In our enterprise version Blink, we actually have a thread pool for starting TMs. I think
we should contribute this feature to the community version as well. I created a JIRA ticket
<https://issues.apache.org/jira/browse/FLINK-13184> from which you can track the progress
of this issue. 
>> 
>> For solving your problem at the moment, I agree with Haibo that configure a larger
registration timeout could be a workaround.
>> 
>> Thank you~
>> Xintong Song
>> 
>> 
>> On Wed, Jul 10, 2019 at 10:37 AM Haibo Sun <sunhaibotb@163.com <mailto:sunhaibotb@163.com>>
wrote:
>> Hi, Qi
>> 
>> According to our experience, it is no problem to allocate more than 1000 containers
when the registration timeout is set 5 minutes . Perhaps there are other reasons? Or you can
try to increase the value of `taskmanager.registration.timeout`. For allocating containers
using multi-thread, I personally think it's going to get very complicated, and the more recommended
way is to put some waiting works into asynchronous processing, so as to liberate the main
thread.
>> 
>> Best,
>> Haibo
>> 
>> 
>> At 2019-07-09 21:05:51, "qi luo" <luoqi.bd@gmail.com <mailto:luoqi.bd@gmail.com>>
wrote:
>> Hi guys,
>> 
>> We’re using latest version Flink YarnResourceManager, but our job startup occasionally
hangs when allocating many Yarn containers (e.g. >1000). I checked the related code in
YarnResourceManager as below:
>> 
>> <PastedGraphic-1.tiff>
>> 
>> It seems that it handles all allocated containers and starts TM in main thread. Thus
when containers allocations are heavy, the RM thread becomes unresponsive (such as no response
to TM heartbeats, see TM logs as below).
>> 
>> Any idea on how to better handle such case (e.g. multi-threading to handle allocated
containers) would be very appreciated. Thanks!
>> 
>> Regards,
>> Qi 
>> 
>> 
>> ———————————————————————— 
>> TM log:
>> 
>> 2019-07-09 13:56:59,110 INFO  org.apache.flink.runtime.taskexecutor.TaskExecutor
           - Connecting to ResourceManager akka.tcp://flink@xxx/user/resourcemanager(00000000000000000000000000000000)
<>.
>> 2019-07-09 14:00:01,138 INFO  org.apache.flink.runtime.taskexecutor.TaskExecutor
           - Could not resolve ResourceManager address akka.tcp://flink@xxx/user/resourcemanager
<>, retrying in 10000 ms: Ask timed out on [ActorSelection[Anchor(akka.tcp://flink@xxx/
<>), Path(/user/resourcemanager)]] after [182000 ms]. Sender[null] sent message of type
"akka.actor.Identify"..
>> 2019-07-09 14:01:59,137 ERROR org.apache.flink.runtime.taskexecutor.TaskExecutor
           - Fatal error occurred in TaskExecutor akka.tcp://flink@xxx/user/taskmanager_0
<>.
>> org.apache.flink.runtime.taskexecutor.exceptions.RegistrationTimeoutException: Could
not register at the ResourceManager within the specified maximum registration duration 300000
ms. This indicates a problem with this instance. Terminating now.

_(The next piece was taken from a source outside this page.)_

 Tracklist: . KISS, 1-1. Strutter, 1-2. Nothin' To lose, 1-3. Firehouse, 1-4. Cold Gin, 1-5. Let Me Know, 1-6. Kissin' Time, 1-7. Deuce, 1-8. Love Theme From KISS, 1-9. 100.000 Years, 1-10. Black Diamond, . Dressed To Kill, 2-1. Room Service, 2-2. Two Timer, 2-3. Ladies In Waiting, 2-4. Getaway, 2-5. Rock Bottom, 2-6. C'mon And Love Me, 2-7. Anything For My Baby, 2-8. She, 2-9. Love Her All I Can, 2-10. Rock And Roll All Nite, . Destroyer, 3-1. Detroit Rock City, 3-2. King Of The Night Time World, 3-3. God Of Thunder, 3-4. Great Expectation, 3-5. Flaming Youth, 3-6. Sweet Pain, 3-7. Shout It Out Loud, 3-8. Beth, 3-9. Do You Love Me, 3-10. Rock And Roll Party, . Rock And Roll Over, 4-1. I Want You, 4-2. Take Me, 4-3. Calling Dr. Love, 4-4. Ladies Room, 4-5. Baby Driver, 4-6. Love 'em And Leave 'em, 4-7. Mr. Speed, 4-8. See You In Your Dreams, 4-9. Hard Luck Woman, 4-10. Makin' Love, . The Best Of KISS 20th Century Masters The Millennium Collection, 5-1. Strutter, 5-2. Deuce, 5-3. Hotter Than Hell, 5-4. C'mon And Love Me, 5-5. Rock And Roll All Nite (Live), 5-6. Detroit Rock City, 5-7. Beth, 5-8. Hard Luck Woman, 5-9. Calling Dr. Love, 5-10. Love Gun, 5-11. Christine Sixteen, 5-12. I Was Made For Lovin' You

>> 	at org.apache.flink.runtime.taskexecutor.TaskExecutor.registrationTimeout(TaskExecutor.java:1023)
>> 	at org.apache.flink.runtime.taskexecutor.TaskExecutor.lambda$startRegistrationTimeout$3(TaskExecutor.java:1009)
>> 	at org.apache.flink.runtime.rpc.akka.AkkaRpcActor.handleRunAsync(AkkaRpcActor.java:332)

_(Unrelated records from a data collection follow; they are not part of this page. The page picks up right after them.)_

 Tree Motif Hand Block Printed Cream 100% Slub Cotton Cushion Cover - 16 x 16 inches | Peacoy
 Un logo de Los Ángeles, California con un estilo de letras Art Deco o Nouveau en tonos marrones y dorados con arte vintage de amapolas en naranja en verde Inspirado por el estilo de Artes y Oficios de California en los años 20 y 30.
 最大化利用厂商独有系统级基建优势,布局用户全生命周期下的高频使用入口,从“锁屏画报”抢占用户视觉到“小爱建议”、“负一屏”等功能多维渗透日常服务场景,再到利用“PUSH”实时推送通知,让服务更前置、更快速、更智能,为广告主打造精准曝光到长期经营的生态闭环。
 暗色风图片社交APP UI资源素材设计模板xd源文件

>> 	at org.apache.flink.runtime.rpc.akka.AkkaRpcActor.handleRpcMessage(AkkaRpcActor.java:158)
>> 	at org.apache.flink.runtime.rpc.akka.AkkaRpcActor.onReceive(AkkaRpcActor.java:142)
>> 	at akka.actor.UntypedActor$$anonfun$receive$1.applyOrElse(UntypedActor.scala:165)
>> 	at akka.actor.Actor$class.aroundReceive(Actor.scala:502)
>> 	at akka.actor.UntypedActor.aroundReceive(UntypedActor.scala:95)
>> 	at akka.actor.ActorCell.receiveMessage(ActorCell.scala:526)
>> 	at akka.actor.ActorCell.invoke(ActorCell.scala:495)
>> 	at akka.dispatch.Mailbox.processMailbox(Mailbox.scala:257)
>> 	at akka.dispatch.Mailbox.run(Mailbox.scala:224)
>> 	at akka.dispatch.Mailbox.exec(Mailbox.scala:234)
>> 	at scala.concurrent.forkjoin.ForkJoinTask.doExec(ForkJoinTask.java:260)
>> 	at scala.concurrent.forkjoin.ForkJoinPool$WorkQueue.runTask(ForkJoinPool.java:1339)
>> 	at scala.concurrent.forkjoin.ForkJoinPool.runWorker(ForkJoinPool.java:1979)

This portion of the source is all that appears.